About Async(Copy) Engines

I want to know the number of asynchronous engines of the graphics cards I’m asking about.
And if the number of asynchronous engines is 1 instead of 2 or more, I’d like to know how to perform HtoD / DtoH simultaneously.
Additionally, if the original number of asynchronous engines of these graphics cards is 2 or more, but cudaGetDeviceProperties(&deviceProp, deviceI) returns 1, I’d like to know how to restore the original number of asynchronous engines.

Here is the list of graphics cards I own:

  1. RTX 3090 Ti

  2. RTX 3070

  3. RTX 3080

  4. RTX 5090

Consumer graphics card historically only enable 1 copy engine.
If there was a driver bug you may be able to see more copy engines if you revert to a much older driver.
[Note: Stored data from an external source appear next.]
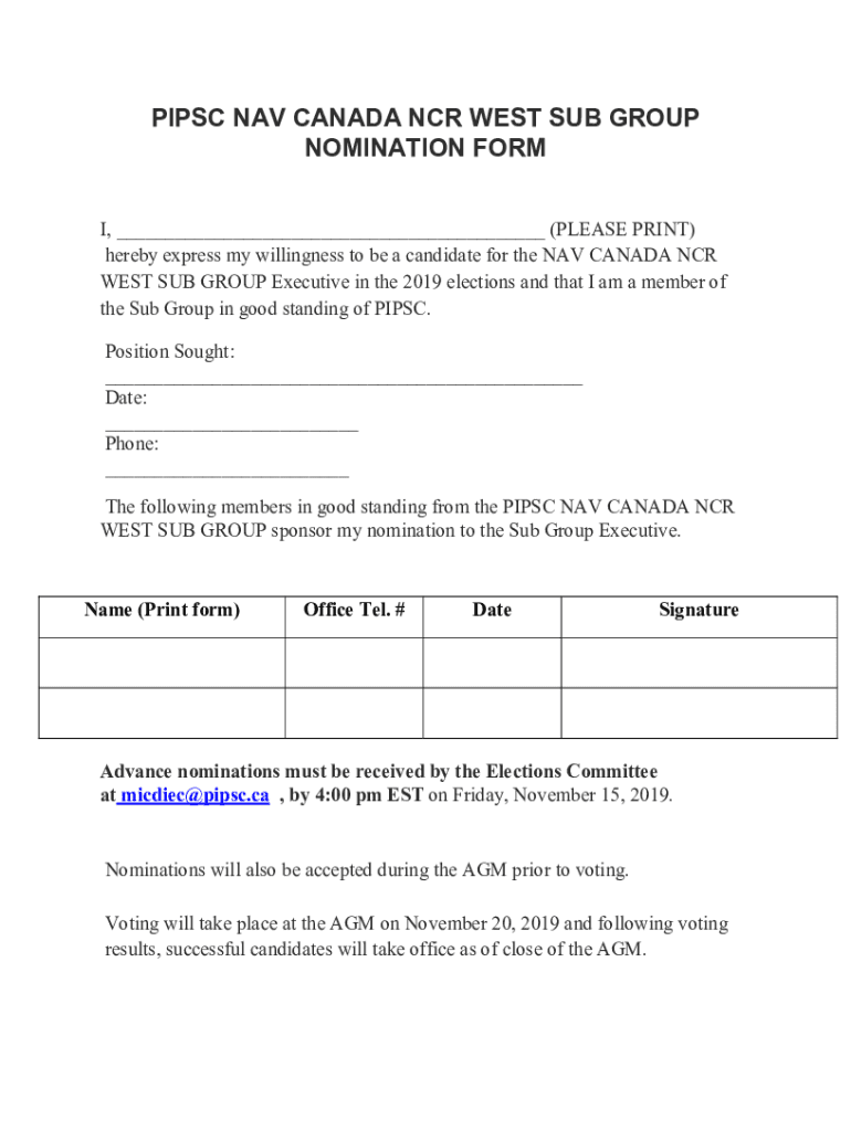 PIPS NAV CANADA NCR WEST SUB GROUP NOMINATION FORM I, ___ (PLEASE PRINT) hereby express my willingness to be a candidate for the NAV CANADA NCR WEST SUB GROUP Executive in the 2019 elections and that
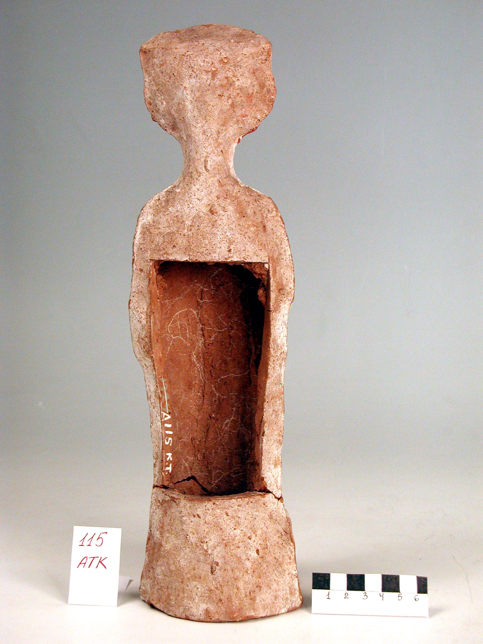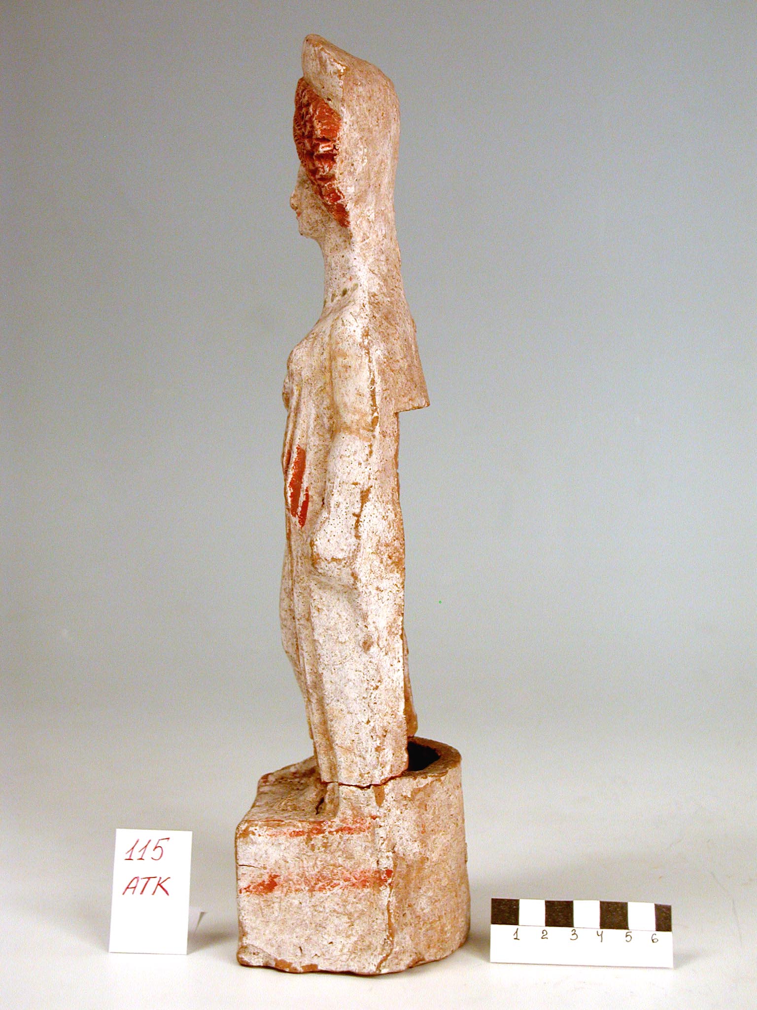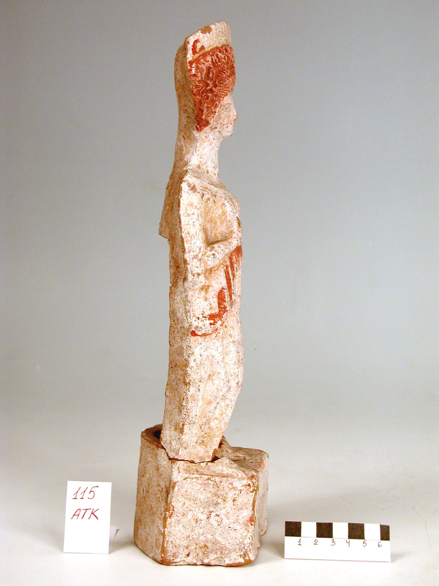 Додаток до назва (лист, ...): На ній хітон з короткими широкими рукавами. Складки хітона, що падають прямими лініями, трактовані дещо архаїчно. Правою рукою вона торкається грудей, ліва опущена вздовж корпуса. Права нога злегка зігнута в коліні. Моделювання грубе. В різних місцях сліди розфарбування. Вздовж борта видно жовтий меандровий візерунок. Нижче зелена смуга, ще нижче червона смуга. Навколо шиї зелене намисто. Очі наведені чорною фарбою, губи - червоною. Волосся червоно-коричневе. На високому постаменті паралельні червоні смуги. Майже вся задня сторона статуетки вирізана./Кількість: 1/Старі документи прийому: У чинній інвентарній книзі старі документи надходження не вказані./Опис: На ній хітон з короткими широкими рукавами. Складки хітона, що падають прямими лініями, трактовані дещо архаїчно. Правою рукою вона торкається грудей, ліва опущена вздовж корпуса. Права нога злегка зігнута в коліні. Моделювання грубе. В різних місцях сліди розфарбування. Вздовж борта видно жовтий меандровий візерунок. Нижче зелена смуга, ще нижче червона смуга. Навколо шиї зелене намисто. Очі наведені чорною фарбою, губи - червоною. Волосся червоно-коричневе. На високому постаменті паралельні червоні смуги. Майже вся задня сторона статуетки вирізана.
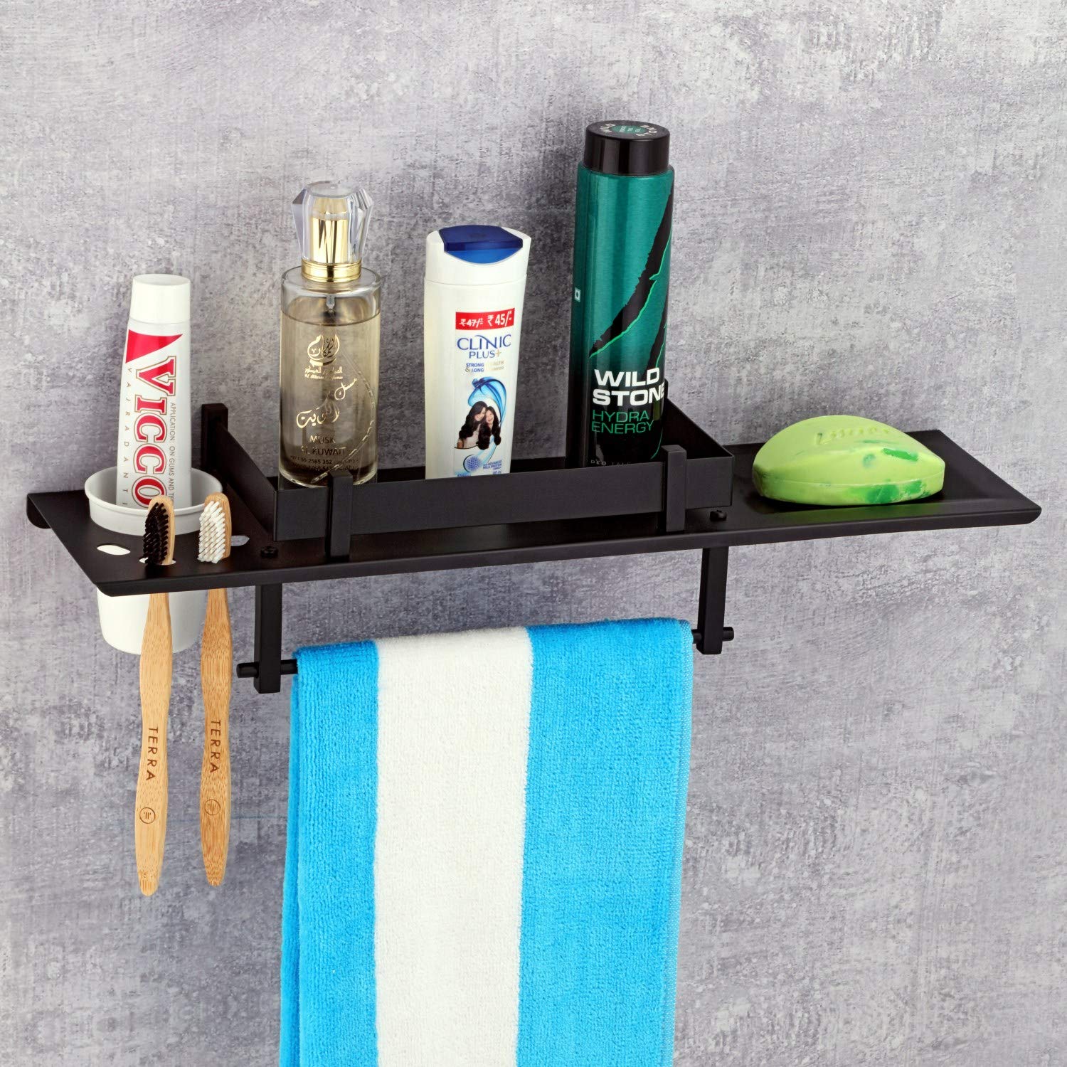 Plantex Stainless Steel 4in1 Multipurpose Bathroom Shelf Rack Towel Hanger Tumbler Holder Soap Dish Bathroom Accessories 18 X 5 Inches Matt Black Amazon Home Kitchen Very well made.
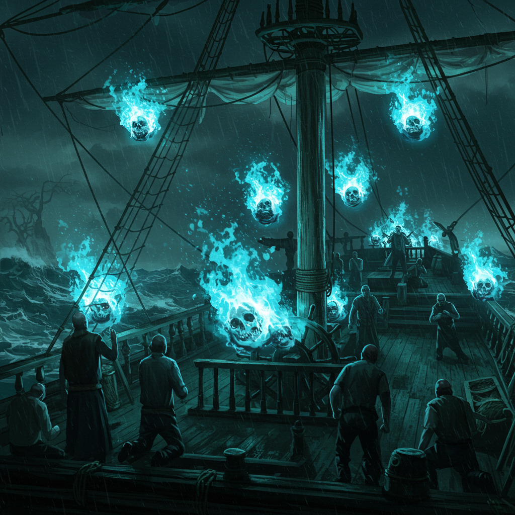 St. Elmo’s Fire is a remarkable weather phenomenon that appears as glowing blue or violet light atop ship masts, spires, and other pointed objects during thunderstorms at sea. Caused by a corona discharge of atmospheric electricity, the glow appears most often during intense electrical activity in the air. Sailors, however, long interpreted this ghostly flame as a supernatural sign—believing it to be the manifestation of St. Erasmus of Formia, also known as St. Elmo, the patron saint of Mediterranean sailors. The sight of St. Elmo’s Fire during turbulent weather was regarded as a blessing and a promise of survival, providing hope and calm in the midst of chaos.

There is no guarantee that multiple copy engines were usable.

A single copy engine cannot simultaneously support H2D and D2H.
Small H2D copies generally do not use the copy engine.
If the host memory allocation is using pinned system memory a copy kernel is an efficient way to achieve parallel copies.

1 Like

Thank you for your answer. I have a couple of follow-up questions.

  1. Is there any official documentation that specifies the number of copy engines for specific GPU models? I couldn’t find this information in the Blackwell architecture diagrams.

  2. If so, does that mean I need to use a professional-grade GPU, like the NVIDIA RTX 6000, to utilize two or more asynchronous copy engines for simultaneous HtoD and DtoH transfers? I’m looking for the most cost-effective option with at least two copy engines.